Развивается поместное право с его разнообразием и бесконечными преломлениями в жизни городов, сел и сословий. И того не заметил историк. Вот отчего и могла после его творения еще явиться в свете странная ошибка г. Чичерина, не различавшего в княжеских завещаниях права поместного и отчинного от права государственного [492].
Движется самобытное просвещение народное по преимуществу под влиянием духовного начала, то возвышаясь и богатея, то скуднея и падая, то отклоняясь в инородные и чуждые направления. Это опять не обратило на себя внимания историка, и когда после издания великолепного труда гг. Горского и Невоструева, г–н Бессонов, отдавая им полную справедливость, выразил сомнение, не дали ли они излишне важное место делу Геннадия [493], г. Соловьев даже не понял положительного достоинства статьи г. Бессонова, обратившего особенное внимание не столько на полноту и библиотечную важность списков, сколько на приложимость их к жизни и на распространение их в народом употреблении. Зато г. Соловьев мстит древней Руси за свой собственный недосмотр восклицанием: «Кто же станет восхищаться состоянием земли, в которой не было даже полного списка Библии?», как будто кто‑нибудь безусловно восхищался древнею Русью, и как будто никто не знает, что до реформации никакая страна в Европе не имела не только полного, но и вообще какого‑нибудь списка Библии на языке, сколько‑нибудь понятном для народа. Ведь об Ульфиле, Альфредовых подражаниях и тому подобных явлениях говорить нельзя серьезно в этом деле [494].

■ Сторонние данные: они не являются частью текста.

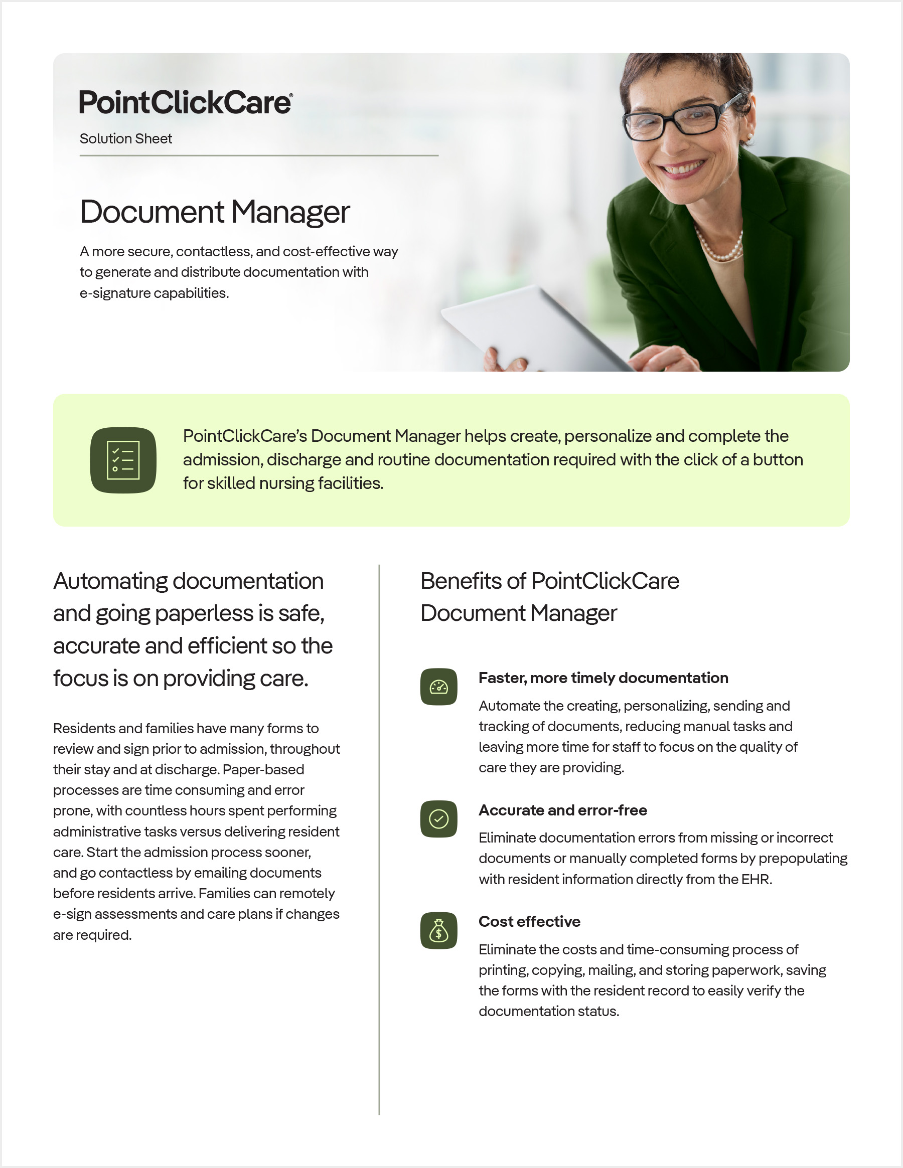 Residents and families have many forms to review and sign prior to admission, throughout their stay and at discharge. Paper-based processes are time consuming and error prone, with countless hours spent performing administrative tasks versus delivering resident care. Start the admission process sooner and go contactless by emailing documents before residents arrive.
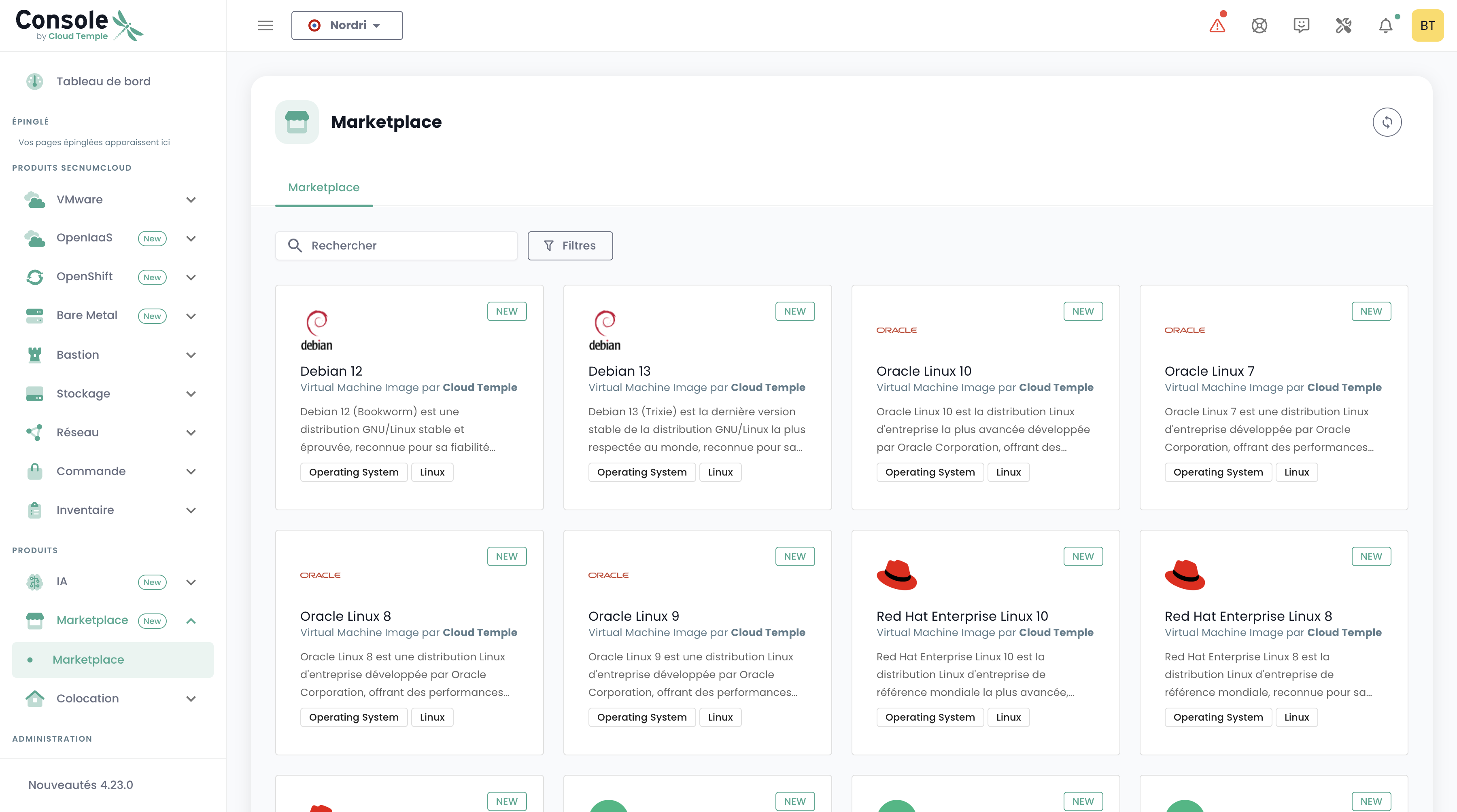 Once logged into the Cloud Temple console, you can access the Marketplace in several ways:

Проходят великая борьба Москвы с уделами и время собирания государственного к одному средоточию, и читатель не знает, какие живые силы в общем составе народа русского противились новой эпохе или содействовали ей (кроме духовенства, о котором уже говорил Карамзин).
Выступает с важным значением в истории учреждение странное и единственное в мире, учреждение в высшей степени характеристическое — местничество, и г. Соловьев довольствуется для объяснения его словом «родовой быт», не замечая, что мы не видим ни малейших следов местничества ни в Новгороде, ни в Пскове, и что вся земщина не местничалась: ибо то, что называют местничанием городов, не имеет ничего общего с местничеством. Оно находит себе совершенно подобные явления на Западе в спорах английских городов, напр., Йорка с Канторбери о правой руке четвертованного Валласа, в спорах дружин областных о праве быть в передовом полку, в спорах городов ганзеатических и фландрских, в спорах между гильдиями о том, какое место им занимать в городовых ходах и т. д.; попытки же местничества в людях земских были только подражанием дружине и сейчас прекращены властью княжескою.

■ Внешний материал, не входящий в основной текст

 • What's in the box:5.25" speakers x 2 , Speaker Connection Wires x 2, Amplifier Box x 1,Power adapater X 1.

Таким образом обойдены все живые вопросы в истории; ибо об общем смысле всей ее совокупности и говорить нечего. Читатель из всего чтения выносит одно сомнение: была ли бы для человечества какая‑нибудь утрата, если бы все пространство от Черного моря до Белого и от Немана до Урала оставалось пустынею, населенною бродячими вогулами, остяками или даже медведями? Сам автор пришел к тому же выводу, объявив, что весь девятисотлетний труд служил только к тому, чтобы Русь, наконец, явилась крупным ребенком, готовым при Петре единственно для подражания [495]. Об задатках для развития новых начал, чуждых другим народам, нет ни полслова. Утешительный вывод: девятисотлетний рост будущей обезьяны! Слава Богу, мы его за русский народ не принимаем.